Tagore's last verses finds fresh life in Paresh Maity art

The verses, said to be the last written by the bard and published in posthumously in 1973 as "Shesh Lekha" were later translated into English by writer, poet and film producer Pritish Nandy. The 1941 poems have now inspired artist Paresh Maity's new watercolours, which are currently showcased in the national capital.
The 15 works of art organised by the Art Alive Gallery are being exhibited at the National Gallery of Modern Art till August 28, 2011.
"Rather than an ode to the End to me these texts appear an eager fervent invitation to a new subliminal beginning. In my works I have attempted to capture this keenness, this sublimity," says Maity who points out that he grew up studying the poet's work and finds it "immensely fascinating."
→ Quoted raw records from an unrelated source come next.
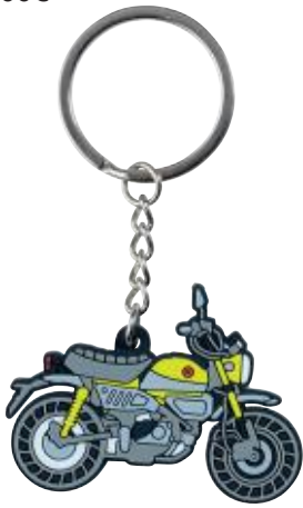
5cm MONKEY RUBER 233-0601016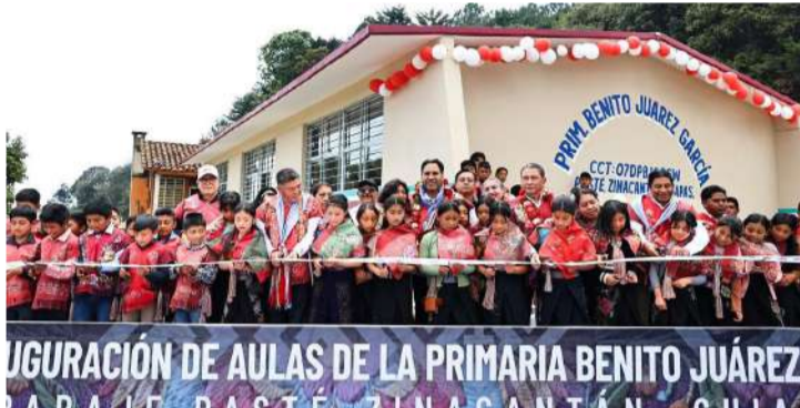
Por primera vez en la historia del municipio, el titular del ejecutivo chiapaneco recorrió parajes de difícil acceso

■ Inversión conjunta de 17.8 millones beneficiará a más de 23 mil habitantes tsotsiles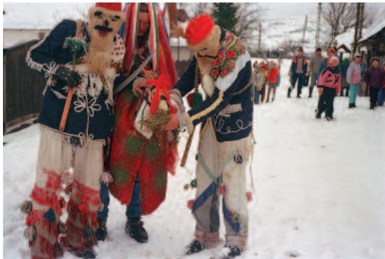
Két bőrálarcos ostoros között a fehér falovas Kibédén (2000)

Régióink legtöbb vidékén ezt a két farsangi szerepkört különböztették meg. Szépek: a szépen, különösen díszesen öltözöttek, csipke vagy színes szalagos álarcúak, akik szépen viselkednek , énekelnek, táncolnak, például a betyárok, huszárok, úrfi és kisasszony, lakodalmások, szép cigányok, az állatmaszkok közül a ló vagy lovas stb. Együttessen a farsangi életszemlélet harmónikus oldalának kifejezői. A csúfok az ijesztő, félelmet keltő vagy nevetést kiváltó figurák. Régi, rongyos ruhákat vettek magukra, rendszerint kifordítva, arcukat ijesztővé vagy groteszkké változtatták, bekormozták, lisztezték, szilvaízes tollúval szórták be, bőrálarcot tettek stb. Csúfnak tartották az állatmaszkos játékok többségét, a halált megjelenítését stb. A játék típusát is meghatározta, hogy valakit szép fársángnak vagy csúfnak öltöztettek, és némely közösségben azt is szabályozták, hogy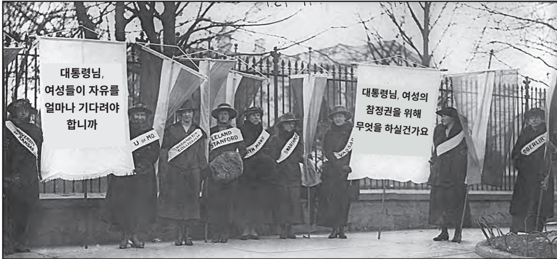
출처: Library of Congress (개정판)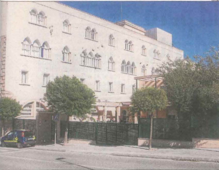
Imatge de l'exterior de la residència Monestir de Sant Bartomeu.

The artist who began his career with landscape scenery moved on to representations of the human form to his recent bold and graphic paintings that sport strong colour and unusual croppings.
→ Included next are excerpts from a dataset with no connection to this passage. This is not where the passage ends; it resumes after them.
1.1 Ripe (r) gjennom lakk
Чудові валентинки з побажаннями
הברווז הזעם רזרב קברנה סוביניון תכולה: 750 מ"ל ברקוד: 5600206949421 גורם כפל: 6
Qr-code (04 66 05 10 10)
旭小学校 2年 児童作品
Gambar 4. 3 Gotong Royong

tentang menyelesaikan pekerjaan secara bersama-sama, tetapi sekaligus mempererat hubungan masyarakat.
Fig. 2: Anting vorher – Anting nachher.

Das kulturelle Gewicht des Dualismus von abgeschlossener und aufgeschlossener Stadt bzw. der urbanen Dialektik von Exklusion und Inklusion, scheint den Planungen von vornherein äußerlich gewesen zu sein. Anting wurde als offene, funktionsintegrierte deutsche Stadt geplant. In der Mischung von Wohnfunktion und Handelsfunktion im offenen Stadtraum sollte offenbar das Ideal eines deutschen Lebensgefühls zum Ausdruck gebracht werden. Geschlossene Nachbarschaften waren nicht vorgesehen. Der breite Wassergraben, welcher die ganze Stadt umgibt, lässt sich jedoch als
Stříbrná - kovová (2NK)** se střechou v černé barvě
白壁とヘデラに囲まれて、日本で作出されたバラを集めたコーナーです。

Awarded the Nobel Prize for his "profoundly sensitive fresh and beautiful verse", the current exhibition say organisers is "an attempt to uncover a new Tagore, one hitherto unknown to readers, burdened by thoughts of impending cessation and yet unsurpassable in his calmness, in his eager admiration for and final willing submission in the hands of the unknown."
Among the works being shown are "Forts in the Moonless Night" and the "There Comes the Moon", "The Raga of Spring" and the "In the Fifth year of Marriage".
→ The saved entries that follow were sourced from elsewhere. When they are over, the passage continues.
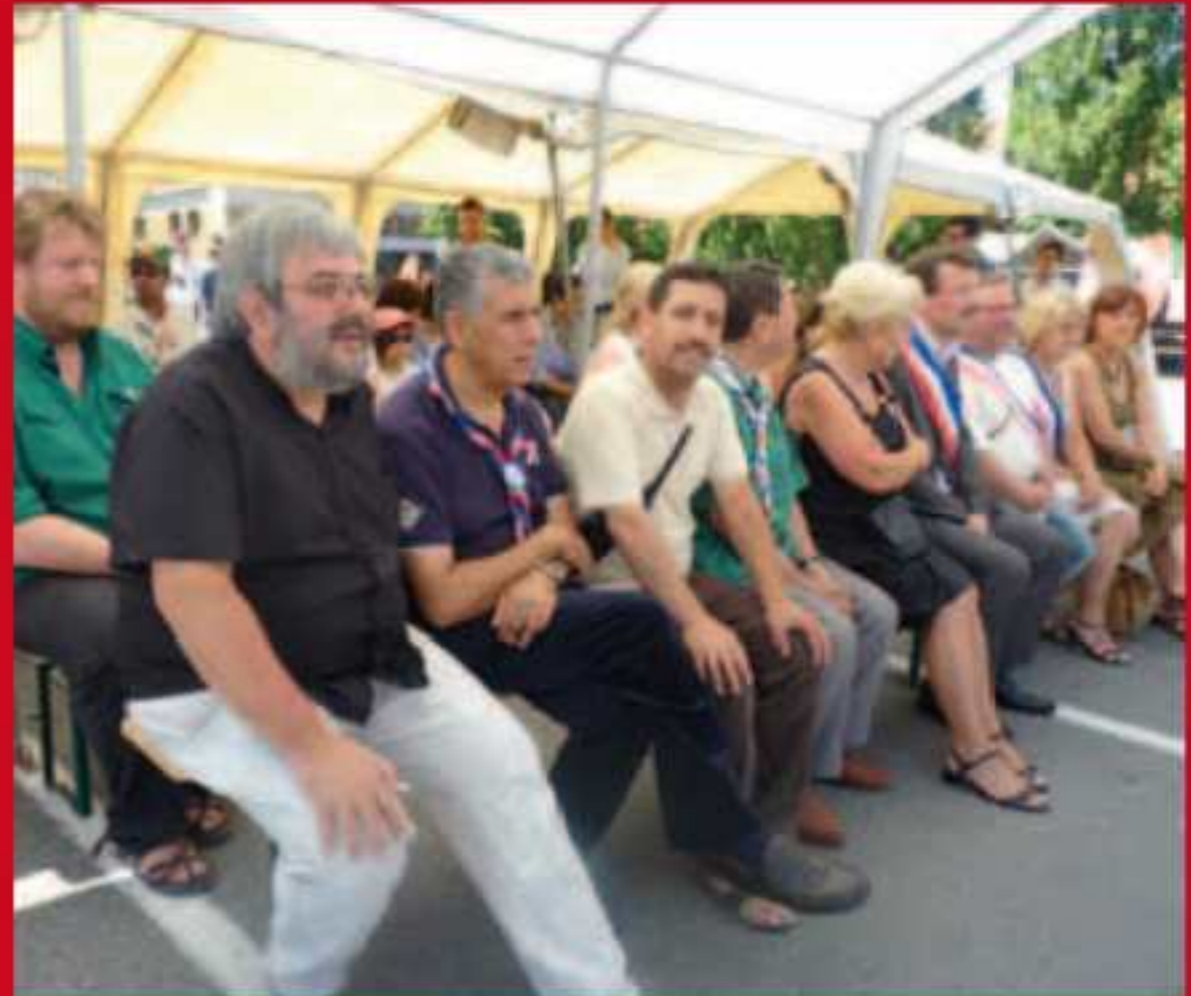
Rencontre internationale des Scouts sur la place Jean-Eric Bousch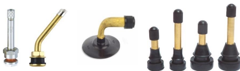
不同种类的轮胎气门嘴

4、气门嘴及轮胎用品，包括各种气门嘴及配件、轮胎及气门嘴安装和修补工具、气压测量工具等。气门嘴是轮胎的充放气的阀门，从产品结构上看，可分为卡扣式气门嘴、压紧式气门嘴及胶座气门嘴等，适用于不同的车辆轮胎。公司的气门嘴产品品类齐全、质量可靠，在TÜV安全认证环境下生产，主要供应北汽、上汽、通用、东本、东风汽车等主机厂，与中策集团、固特异、Haltec等汽车零部件一级供应商保持长期稳定的业务关系。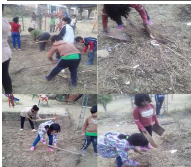
← BARNA ER I GANG MED Å LAGE KJØKKENHAGE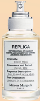
Maison Margiela Replica Beach Walk

TUOKSUNUOTIN VOIMAKKUUDESTA RIIPPUEN VOIVAT TOIMIA MYÖS SYDÄNTUOKSUNA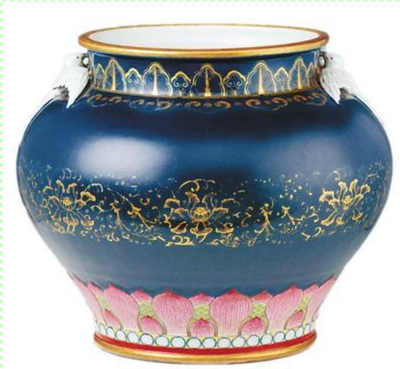
清乾隆霁青金彩海晏河清尊。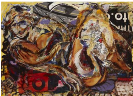
Il était une fois, Keith Haring, Acrylique, affiche, vis, sur contreplaqué, 87 x 122 cm, 2012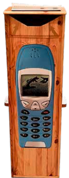
94 alte Handys landeten in der Mobile-Box.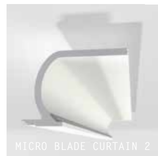
MICRO BLADE CURTAIN 2

LEDs et accessoires sur sedap.com / LEDs and accessories at sedap.com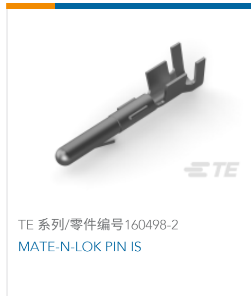
TE 系列/零件编号160498-2 MATE-N-LOK PIN IS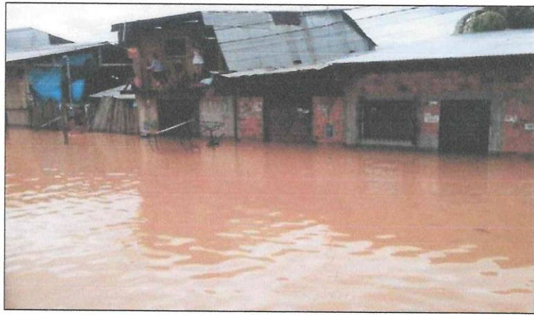
Vista de la zona urbana inundada

El problema que presenta la zona urbana de Alfonso Ugarte es que en tiempos de máximas avenidas se inunda y afecta a todo la parte baja de la Ciudad, causando pérdidas materiales y hasta pérdidas humanas, pues el nivel del agua alcanza un nivel de hasta 1.00 m en las viviendas que se encuentran en los puntos de relieve menor. Tal como se puede apreciar en la siguiente imagen:

The poems, considered by many to be some of the poet's finest works contains "a sense of serene melancholy" and reiterates a "triumphant theme that in death there is nothing to fear."
Maity says he drew inspiration from "not the obvious pall that stealthily hovers over the source of his inspiration but rather the mystical, surreal aspects of a poet's invocation to the ultimate unknown."
"After Pritish suggested I go through the poems and do artworks based on them, we planned to do the exhibition in January," says the artist.
Maity imbibes within his familiar landscape the intricacies of Tagore's words, bits of his own atmosphere, his chair, his window etc. The artist's works graze against and away from Tagore, moving simultaneously from the mundane to the transcendental.
Organisers say the exhibition is scheduled to travel to Mumbai and Kolkata later this year.